The task:
Repeat the listing verbatim. Drop any pictures.

Available data:
***

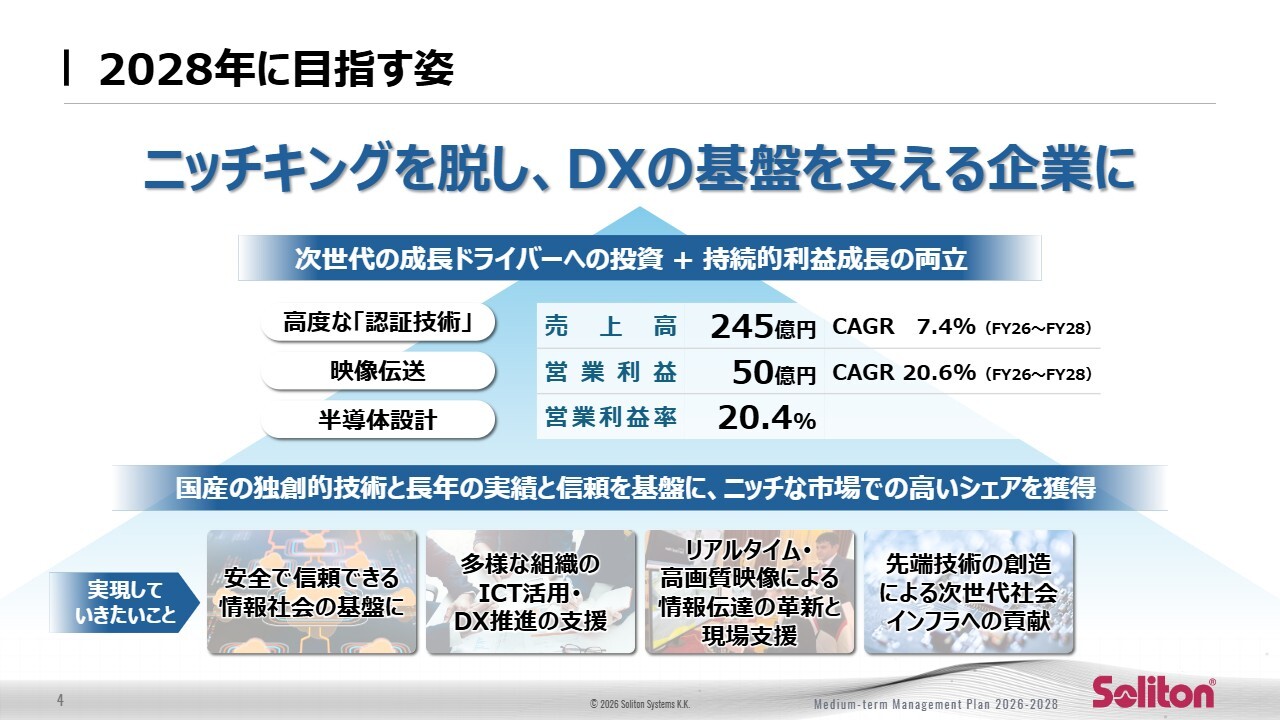 本動画では、ソリトンシステムズの2026年度から2028年度までの中期経営計画についてご説明します。私たちがこの3年間で何に集中し、どのように収益成長と資本効率の両立を図っていくのか、その全体像について順を追ってお話ししていきます。
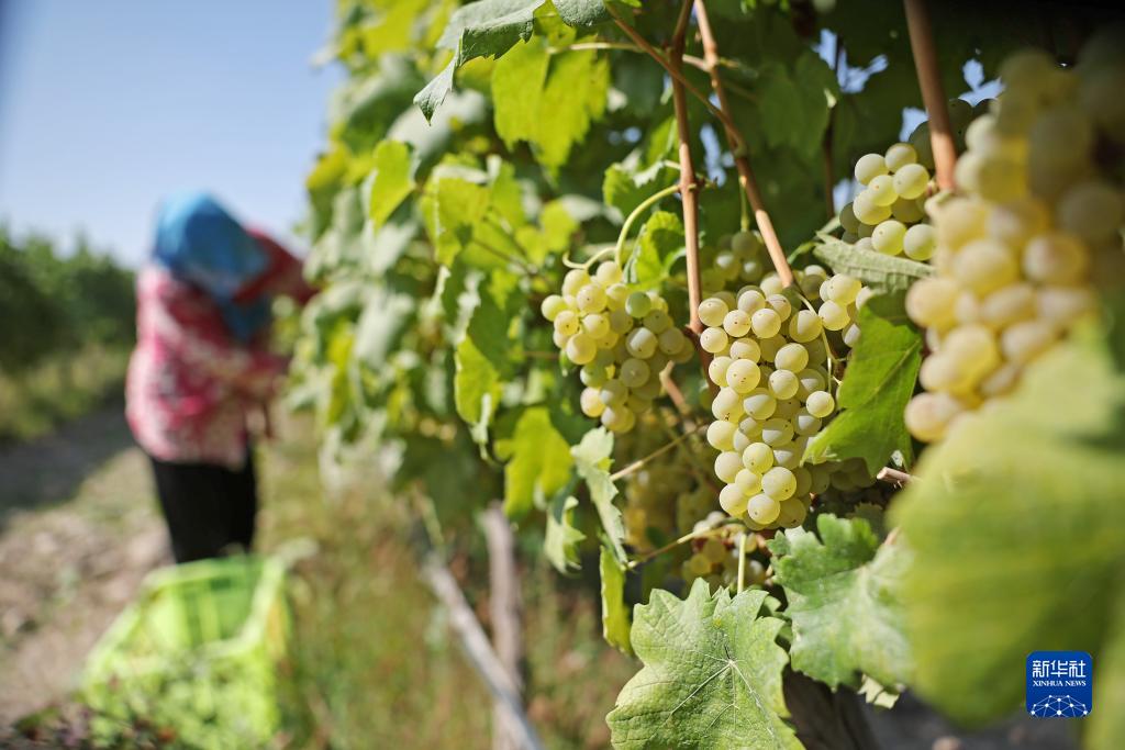 采摘工在銀川市西夏區(qū)志輝源石酒莊采摘釀酒葡萄(9月1日攝)。
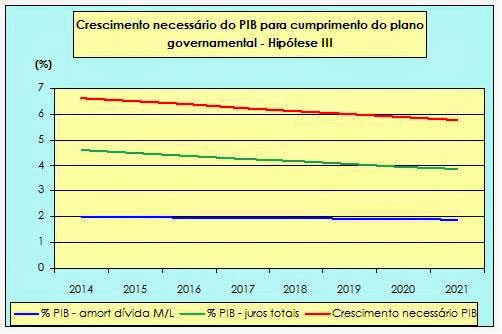 Esta distribuição da dívida de longo prazo por um prazo de 30 anos reduz o esforço a exigir para a sua liquidação, em 2014/21, uma vez que se reduz a amortização ficando os juros com uma pequena variação face à Hipótese II. No entanto, esta terceira simulação, exigiria um crescimento do PIB acima dos 6%, sendo de recordar o seu prolongamento até 2044!
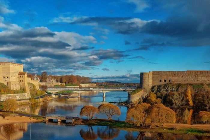 Lâu đài Hermann của Estonia và pháo đài Ivangorod thuộc Nga bị ngăn cách bởi sông Narva, tạo thành biên giới giữa hai nước.
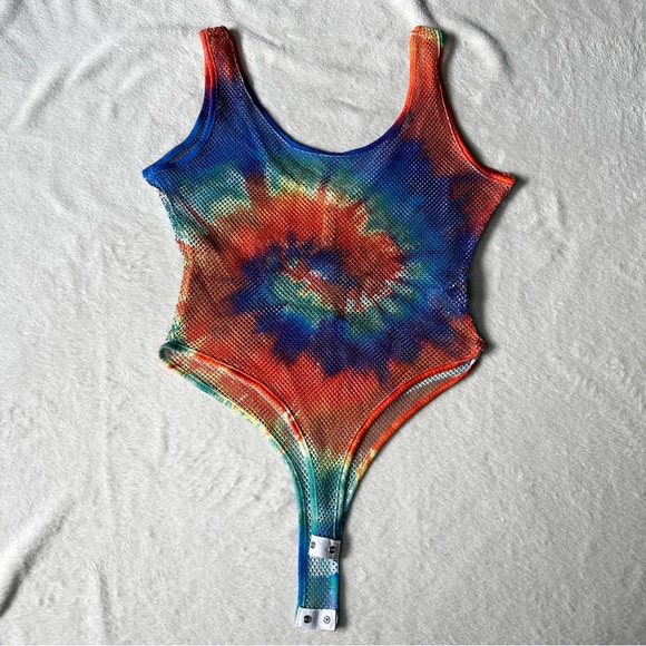Net thong bodysuit with rainbow tie dye color. Bought from dolls kill but tag says brand is ÜÖ. Never worn. Size L.
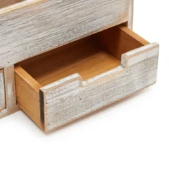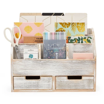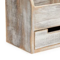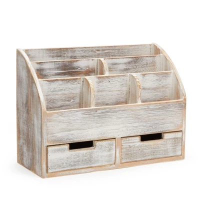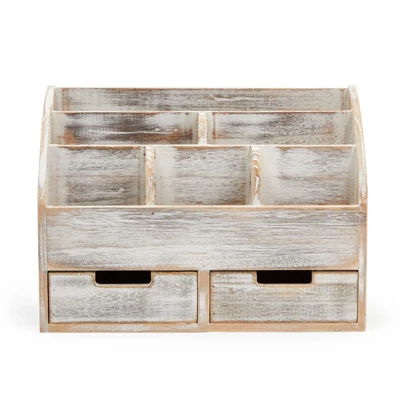 Keep your office supplies and stationery organized with this distressed torched wooden desk sorter that helps make any workspace look neat and tidy while offering a rustic-style look. This white desk organizer has 6 compartments, so you can organize pencils, pens, notes, letter-size documents, and other office supplies by category. It also has 2 drawers for other items. The sorter measures 14.5 x 10 x 6 inches.

***

Output of the exercise:
 本動画では、ソリトンシステムズの2026年度から2028年度までの中期経営計画についてご説明します。私たちがこの3年間で何に集中し、どのように収益成長と資本効率の両立を図っていくのか、その全体像について順を追ってお話ししていきます。
 采摘工在銀川市西夏區(qū)志輝源石酒莊采摘釀酒葡萄(9月1日攝)。
 Esta distribuição da dívida de longo prazo por um prazo de 30 anos reduz o esforço a exigir para a sua liquidação, em 2014/21, uma vez que se reduz a amortização ficando os juros com uma pequena variação face à Hipótese II. No entanto, esta terceira simulação, exigiria um crescimento do PIB acima dos 6%, sendo de recordar o seu prolongamento até 2044!
 Lâu đài Hermann của Estonia và pháo đài Ivangorod thuộc Nga bị ngăn cách bởi sông Narva, tạo thành biên giới giữa hai nước.
Net thong bodysuit with rainbow tie dye color. Bought from dolls kill but tag says brand is ÜÖ. Never worn. Size L.
 Keep your office supplies and stationery organized with this distressed torched wooden desk sorter that helps make any workspace look neat and tidy while offering a rustic-style look. This white desk organizer has 6 compartments, so you can organize pencils, pens, notes, letter-size documents, and other office supplies by category. It also has 2 drawers for other items. The sorter measures 14.5 x 10 x 6 inches.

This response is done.